Thursday, 26 June 2014

Singapore Banks

Kim Eng on 26 June 2014

  • The implication of a new framework for D-SIBs is foreign banks with a large retail presence in Singapore will have to locally incorporate their retail units.
  • They will be subjected to higher capital and liquidity standards which are also applied to local banks.
  • The change could lead to greater competition from foreign banks in search of higher returns; DBS is our top sector pick.
Large foreign banks to be locally incorporated
A framework for domestic systemically important banks (D-SIBs) is currently in the works. The immediate implication is foreign banks with a large retail presence in Singapore will have to locally incorporate their retail units. Standard Chartered Bank incorporated its Singapore consumer banking operation in 2012, after Citigroup (2005). Unlike Malaysia that requires all banks to be locally incorporated, many foreign banks in Singapore operate under a universal banking model. A bank is deemed to have a significant retail presence if its market share of resident non-bank deposits is 3% and above, plus it has at least 150,000 depositors with accounts of less than or equal to SGD250,000.

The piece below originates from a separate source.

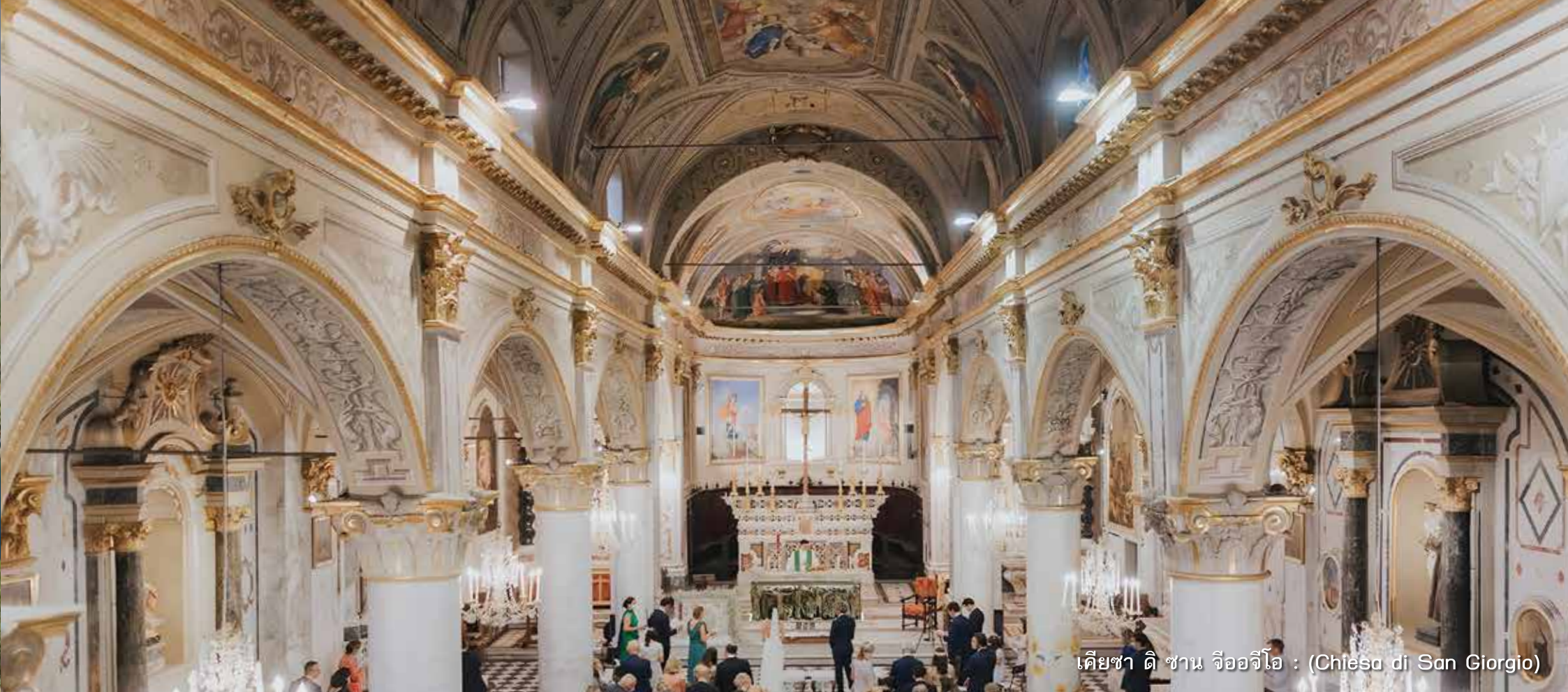
เคียซา ดิ ซาน จีออจีโอ : (Chiesa di San Giorgio)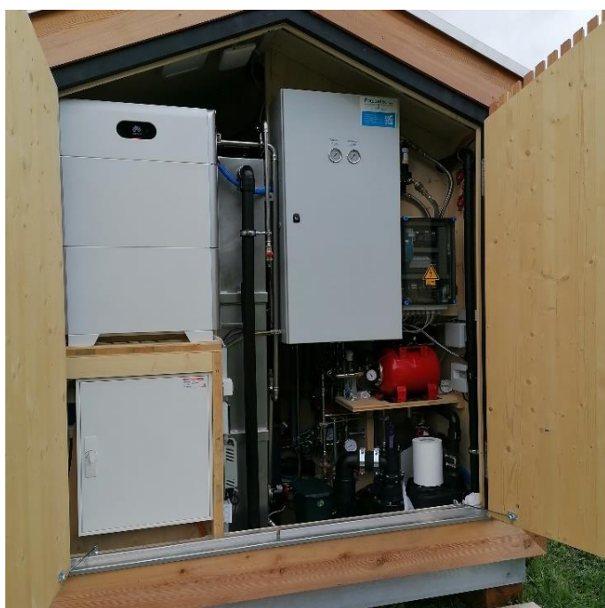
Wandmontage im Technikraum

Little impact for now but competition could intensify
Locally-incorporated foreign banks are subjected to higher capital – 2ppts of capital above Basel 3’s stipulation - and liquidity requirements that are also applied to local banks. A foreign bank that is deemed a SIB in Singapore will also have to meet the prescribed liquidity coverage ratio, which requires banks to hold sufficient high-quality liquid assets to meet their net cash outflows over a 30-day period.

The retail operations of both HSBC and Maybank may be required to be locally incorporated with a minimum of SGD1.5b in paid-up capital. While this may level the playing field, foreign banks may
go up the risk curve in search of higher returns to commensurate with higher capital requirements. This could exert greater competitive pressure on the local banks. Maintain Overweight on banks. For exposure, DBS is our top pick as it is best positioned to take advantage of a rising interest rate environment. We would remain cautious towards OCBC.